UN secretary general calls upon US to lead the way in fighting extremism

The United Nations Secretary-General António Guterres is warning that White supremacy, neo-Nazism and extremism pose an "international threat" and believes US leaders have a "responsibility" to lead in combating the issue. By Veronica Stracqualursi, CNN

(CNN) -- The United Nations Secretary-General António Guterres is warning that White supremacy, neo-Nazism and extremism pose an "international threat" and believes US leaders have a "responsibility" to lead in combating the issue.

"The US is an enormous influence. The soft power of the US is something that, it is clear in culture, in art, in many other aspects. And so what happens in the US inevitably has a strong influence in other parts of the world," Guterres told CNN's Jim Sciutto in an interview Friday.

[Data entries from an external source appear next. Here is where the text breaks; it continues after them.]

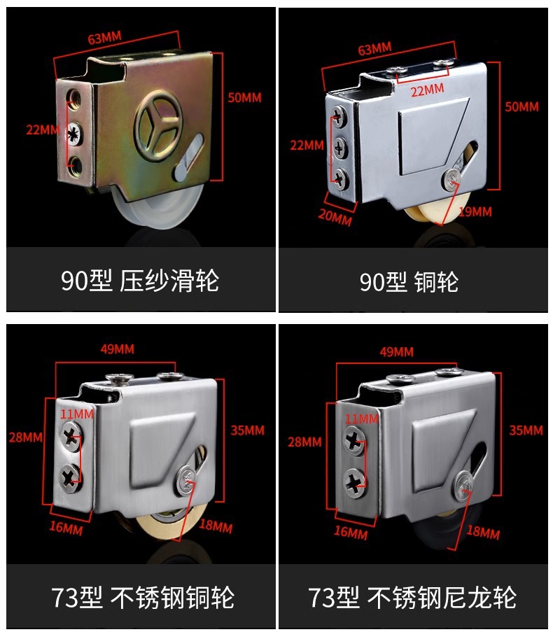 Ròng rọc cửa sổ hợp kim nhôm kiểu cũ 90 loại 82 cửa trượt 76 kính kéo đẩy cửa thép nhựa phụ kiện con lăn rãnh
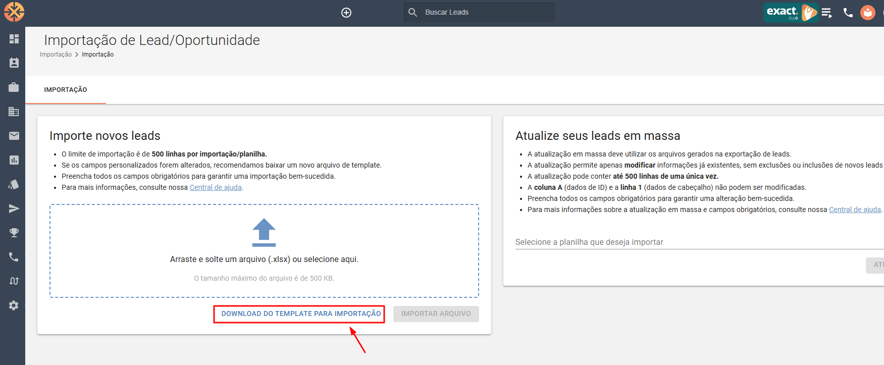 Se você possui uma lista de leads/oportunidades e deseja importar para o Exact Spotter, basta seguir os passos abaixo:
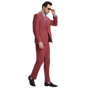 Experience timeless sophistication with the Stacy Adams Hybrid-Fit 3pc Suit Set in vibrant coral, meticulously crafted for the modern gentleman. The solid coral jacket boasts a two-button front closure, peak lapel, and underarm sweat guards, ensuring both style and comfort. Complementing the ensemble, the coral U-shaped vest features a four-button closure for added refinement. The flat-front coral pants, complete with an expandable waistband and functional pockets, offer unparalleled versatility. Available in slim-fit sizes 36-44 and modern-fit sizes 46-62, this coral suit set caters to diverse preferences, promising a tailored look for every occasion. Unleash your confidence and sophistication with the Stacy Adams Hybrid-Fit 3pc Suit Set in coral.

"And so this kind of natural leadership creates a particular responsibility for United States leaders and for the American communities because indeed what happens here is known everywhere and inevitably reflects in other parts of the world," he added.

Guterres, however, praised the "fantastic demonstrations of anti-racism" in the US and the young activists leading those demonstrations.

Domestic violent extremism poses the "greatest threat" to the US, according to the Homeland Security Department. A number of White supremacists and extremist groups participated in the January 6 attack on the US Capitol, CNN previously reported, and top Capitol security officials testified before Congress last month.

A US intelligence report this week found that White supremacist extremists have the most "concerning" connections outside of the US due to like-minded views in other countries and that a "small number of US (racially or ethnically motivated violent extremists) have traveled abroad to network with like-minded individuals."

The Anti-Defamation League also released a report Wednesday saying that it documented more than 5,000 cases of distribution of White supremacist propaganda — the highest amount ever recorded since the group began tracking it in 2016. The Covid-19 pandemic "generated online conspiracy theories and emboldened some far-right domestic extremists to take more public actions," according to the ADL.

Last month, Guterres told the UN Human Rights Council that extremist movements "represent the number one internal security threat in several countries" and that these groups have "exploited" the Covid-19 pandemic to "boost their ranks through social polarization and political and cultural manipulation," according to USA Today.

"This is something that really must mobilize us all," Guterres told CNN on Friday. "It is a cause for us all that believe in universal values, that believe in human fraternity and human dignity."

He warned that international cooperation between extremist groups is becoming "very extensive."

"I think there is permanent intercommunication, there are even mechanisms of mutual recruitment, mutual influence and at the same time we see some of these groups recruiting war veterans, recruiting former members of security forces, having weapons, and becoming a threat to our societies, and in the international sense," he said.

Guterres also offered that to address the issue, "we need to promote our values" and "invest economically, socially, culturally in social cohesion." He called for law enforcement and judicial systems to be trained to address these issues and "make sure that those that misbehave are held accountable."